The views expressed in our content reflect individual perspectives and do not represent the official views of the Baha'i Faith.
The Baha’i Faith counsels us to reduce the anger and wrath within our hearts and find ways to eradicate it from our souls by practicing non-violence:
Sanctify your ears from the idle talk of them that are the symbols of denial and the exponents of violence and anger. – Baha’u’llah, Gleanings from the Writings of Baha’u’llah, p. 72.
Come and cast down your weapons of wrath, till unity is won! Come and in the Lord’s true path each one help each one. – Abdu’l-Baha, Selections from the Writings of Abdu’l-Baha, p. 273.
All of the world’s great Faiths unanimously oppose the human expression of anger and rage toward others, and counsel us to avoid it like we would a ferocious beast.
But some have a different view, and that view has become a familiar meme in today’s pop psychology. They see the expression of anger as a right; regard it as healthy and cathartic; and say that suppressing your angry, hostile feelings can lead to harmful physical or psychological effects.
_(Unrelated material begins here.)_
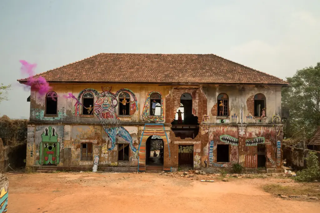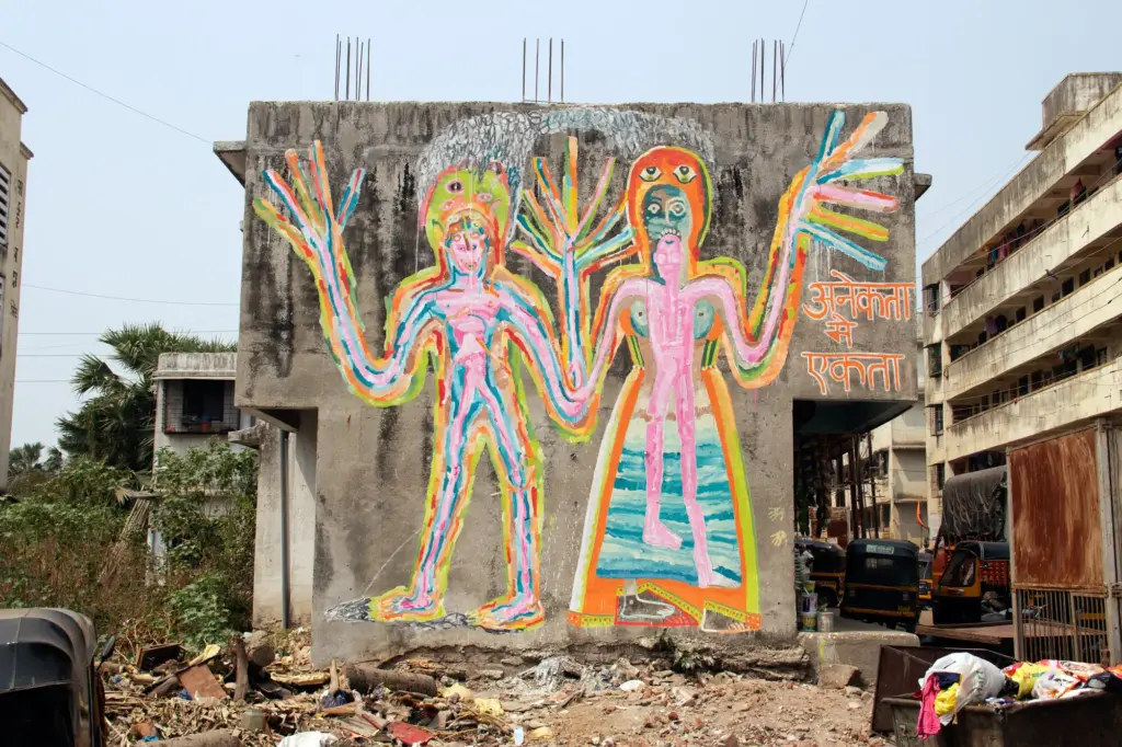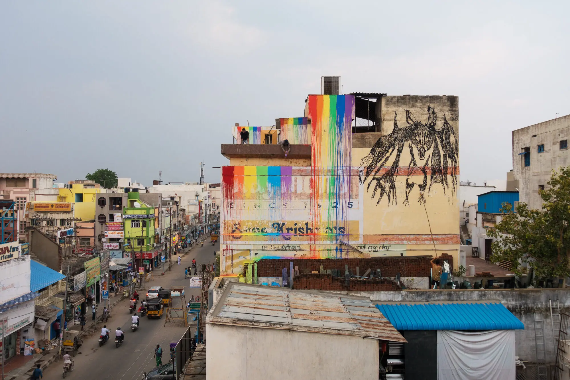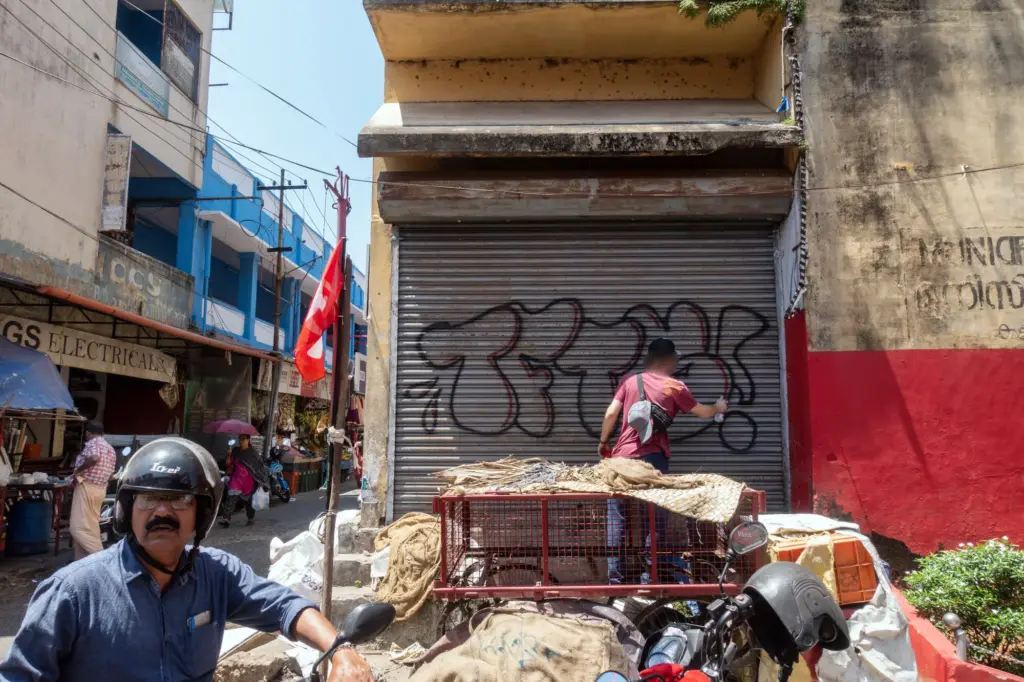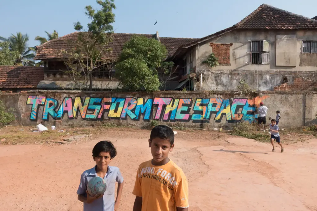 TFTS, a temporary collective of artists from Germany, Italy and India, swent to southern India in spring 2018 and spent three months travelling around the country by bus, painting as they went. They financed the trip with income from wall painting jobs, such as the mural for the new building of the newspaper TAZ in Berlin-Mitte. The money was used to pay paint and materials on the trip, as well for spontaneous fellow travellers or people who joined them in India, regardless of whether they had worked on the commissioned works. A film and a book project about the trip are in the planning.

A few studies have found that artificially suppressing your anger can lead to higher blood pressure and an increased risk for heart attacks. Several researchers and scholars, in the latest development in this ever-evolving field, even overtly recommend expressing anger and wrath, saying that “getting it out” may reduce physiological stress in the short term.
But if you read those studies carefully, you’ll see that this kind of free expression of wrath tends to also reinforce long-term patterns of aggressive, angry behavior, and lead to future outbursts and more permanent stress.
So whatever your view of this psychological debate, we do know that every time our well of inner anger overflows, we each face a choice: we can express our rage, which may lead to hostility and violence; or we can feel hostility and anger, but take no action, which usually involves withdrawal, resentment, passive-aggressiveness, etc. Interestingly, the research shows that both of these choices result in a build-up of aggrieved anger.
Or, we can make a third choice, and find ways to constructively turn our anger into something positive—which tends to reduce the long-term anger and resentment we feel. In other words, the third choice heals the anger, and the first two exacerbate it.
Baha’is try to forego the first two choices, and concentrate their energies on the third:
Let nothing grieve thee, and be thou angered at none. It behoveth thee to be content with the Will of God, and a true and loving and trusted friend to all the peoples of the earth, without any exceptions whatever. This is the quality of the sincere, the way of the saints, the emblem of those who believe in the unity of God … – Abdu’l-Baha, Selections from the Writings of Abdu’l-Baha, p. 25.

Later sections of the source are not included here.